We Need To Stop Justifying Women’s Fiction Now

In justifying a genre, are we automatically demeaning it? And what has this got to do with my glossy hair?

Like all truly great women, I’m multi-tasking the bejesus out of it, because I’m writing this in a hair salon. I come here awfully regularly, to get de-badgered. And because I no longer have the sort of life where I can dedicate an hour to just one thing, I thought I’d bring my laptop with me while I dealt with three things: the grey hair which has been part of my life since I was 17; a new blog post, and internal conflict.

We Need To Stop Justifying Women's Fiction Now

This is what being non-extraordinary looks like

Many many years ago I embraced the fact that I’m a narcissist when it comes to my hair. Even though I tell myself I’m not high maintenance, I had to get comfortable with the fact that every 4 weeks, without fail, unless something untoward happens (such as getting kidnapped by Instagram assassins, or a last-minute invitation to interview the Dalai Lama about his feet – that sort of thing), I pay someone a significant amount of money to ensure that I don’t look any older than I really am.

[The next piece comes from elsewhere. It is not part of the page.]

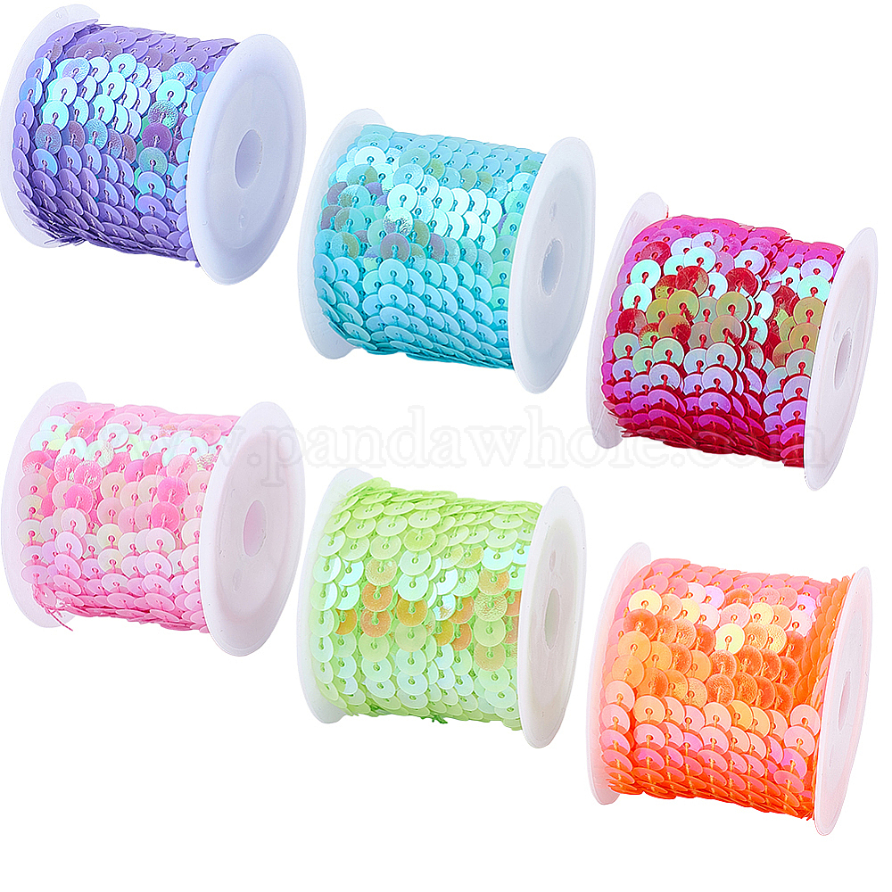 6рулоны 6 цвета экологически чистые пластиковые бусины-пайетки, блестки бисер, Аксессуары для орнаментов, плоско-круглые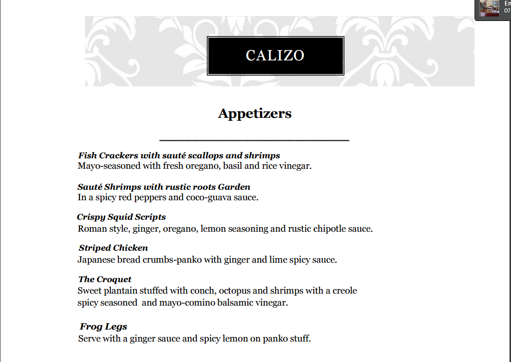 Calizo Restaurant en Fajardo, Puerto Rico cuenta con una decoración al estilo viejo san juan, con ladrillos en colores brillantes, mesas victorianas, decoraciones en madera y un toque playero con espacios al aire libre de Fajardo. Calizo también cuenta con salón VIP con aire acondicionado para todos los gustos. Chef Manolo usa su creatividad al integrar frutas en sus platos de mariscos y cortes de carnes de Puerto Rico, 12 salsas y adecuada seleccion de vinos y un servicio basado en Calidad y Atención al cliente a otro nivel. En Calizo Restaurant estamos enfocados en Mantener los Mejores estándares de Servicio.

If I hadn’t embraced all this, every trip to the hairdresser’s would turn into an identity crisis. Otherwise, how could I ever be okay with the fact that I pour more money into my hair than I do into charity? How else could I scoff at social influencers on social media, whilst telling myself that I would never be that shallow – yet still hold my ultra-coiffed head up high and say “feck it, I have to wear my hair every day”?

The conflict doesn’t end there. Because while I’m here, getting my head seen to, I also thumb through the free glossy magazines, which now tell women how strong and powerful we are, whilst simultaneously telling us that we’re not beautiful enough, not thin enough, and not young enough.

They tell us that women are doing amazing things, and should be lauded; but also that we are not the women they’re talking about, and we never will be (unless maybe we buy certain stuff).

Why We Have To Stop Justifying Women’s Fiction Right Now

The glossy magazine women are talented, but we are ordinary, and just a little bit shit, no matter which filters we apply. They have everything we’re supposed to want. We are sitting in a high street hair salon, salivating over beauty, and justifying the fact that we’re concerned about our appearance – ignoring the fact that we’re not okay with it really, or else we wouldn’t be justifying it at all.

That Bit Where I Try And Tie It To The Title

The same strikes me about so-called women’s fiction. We say we’re all right with it, but we’re not, really. We can’t be comfortable with anything we’re constantly justifying. We’re saying it’s just as good as anything else – but if it was, it wouldn’t need justifying, would it?

Recently, I spoke to someone who said they didn’t want to speak up in a conversation about books because she “only read chick-lit”. She believed that ‘only’ reading chick-lit meant nobody would think she had anything worth saying.

And do you know what? She was right. Because no matter what lip service we’re paying to true empowerment, most people will only stick up for acknowledged literary women’s fiction. The popular stuff still doesn’t get a look in, no matter which universal truths it deals with.

If a major book-related discussion strikes up, who amongst us would introduce our favourite chick-lit into the conversation as an example of our point?

Could it be something to do with the fact that we’re constantly celebrating womanhood by making women feel inadequate?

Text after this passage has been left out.